Thread: pgsql: Fix a possibility of logical replication slot's restart_lsn goin

pgsql: Fix a possibility of logical replication slot's restart_lsn goin

From
Masahiko Sawada
Date:
Fix a possibility of logical replication slot's restart_lsn going backwards.

Previously LogicalIncreaseRestartDecodingForSlot() accidentally
accepted any LSN as the candidate_lsn and candidate_valid after the
restart_lsn of the replication slot was updated, so it potentially
caused the restart_lsn to move backwards.

A scenario where this could happen in logical replication is: after a
logical replication restart, based on previous candidate_lsn and
candidate_valid values in memory, the restart_lsn advances upon
receiving a subscriber acknowledgment. Then, logical decoding restarts
from an older point, setting candidate_lsn and candidate_valid based
on an old RUNNING_XACTS record. Subsequent subscriber acknowledgments
then update the restart_lsn to an LSN older than the current value.

In the reported case, after WAL files were removed by a checkpoint,
the retreated restart_lsn prevented logical replication from
restarting due to missing WAL segments.

This change essentially modifies the 'if' condition to 'else if'
condition within the function. The previous code had an asymmetry in
this regard compared to LogicalIncreaseXminForSlot(), which does
almost the same thing for different fields.

The WAL removal issue was reported by Hubert Depesz Lubaczewski.
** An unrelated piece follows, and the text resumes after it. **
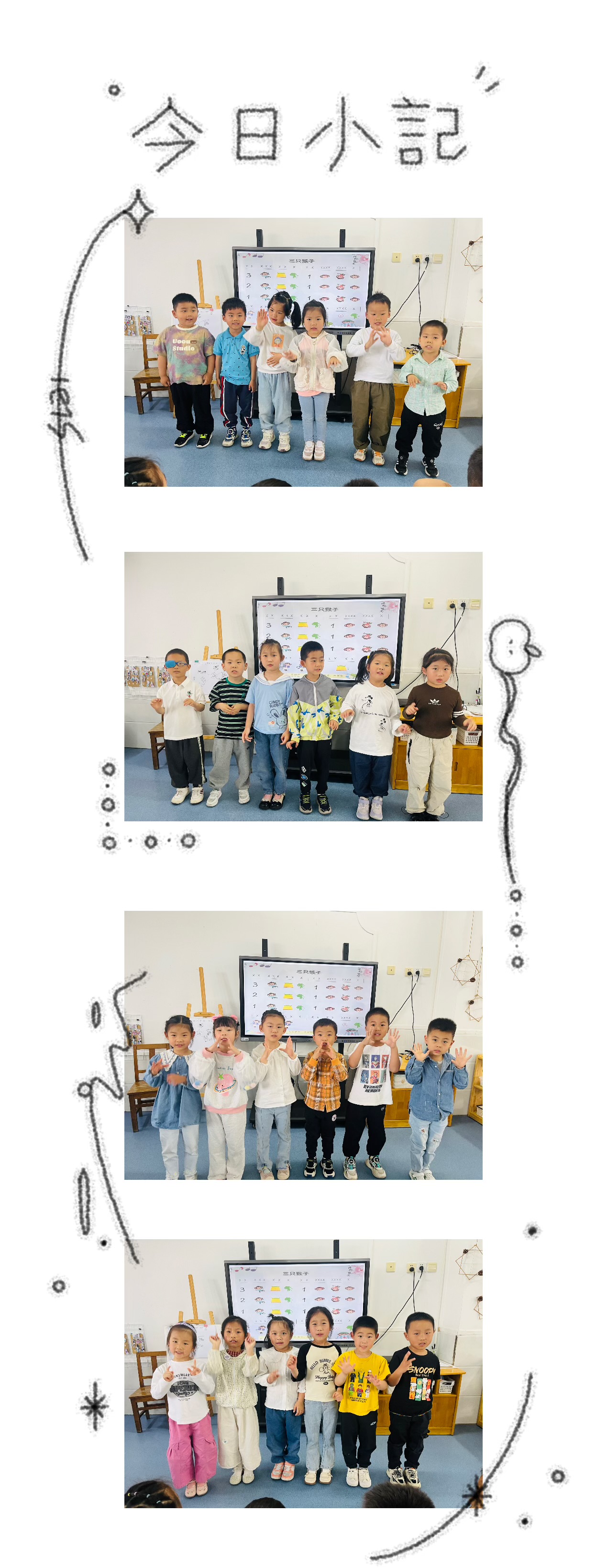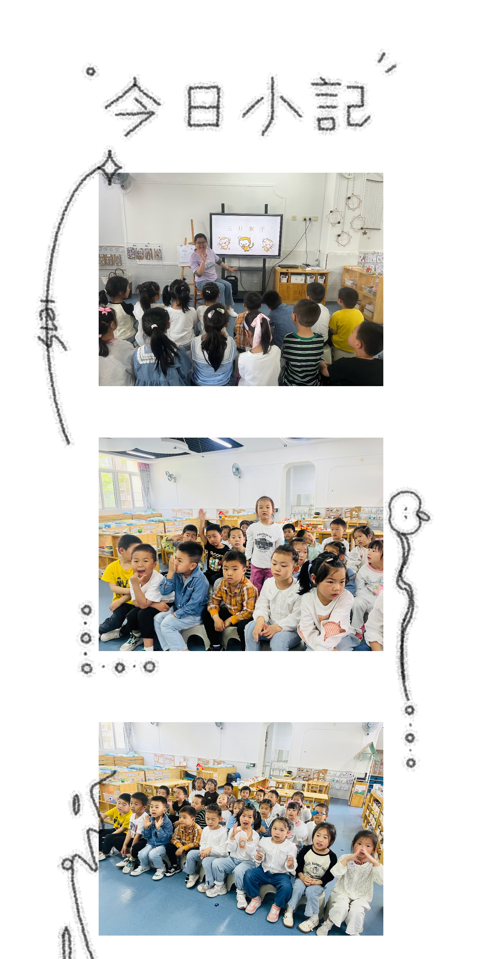 今天开展了《三只猴子》是一首诙谐幽默的儿童歌曲,旋律简单,歌词有趣,通俗易懂,深受小朋友们的喜爱。本次活动根据幼儿的年龄特点,以顽皮的小猴子为音乐素材,让孩子们根据图谱有节奏地模仿小猴子跳的过程中感受歌曲的节奏,体会歌曲幽默、诙谐的风格和逐步学唱歌曲。

Backpatch to all supported versions, since the bug exists since 9.4
where logical decoding was introduced.

Reviewed-by: Tomas Vondra, Ashutosh Bapat, Amit Kapila
Discussion: https://postgr.es/m/Yz2hivgyjS1RfMKs%40depesz.com
Discussion: https://postgr.es/m/85fff40e-148b-4e86-b921-b4b846289132%40vondra.me
Backpatch-through: 13

Branch
------
REL_14_STABLE

Details
-------
https://git.postgresql.org/pg/commitdiff/26c4e896869093f07e9acb982f71bb3c4dae5901

Modified Files
--------------
src/backend/replication/logical/logical.c | 4 +++-
1 file changed, 3 insertions(+), 1 deletion(-)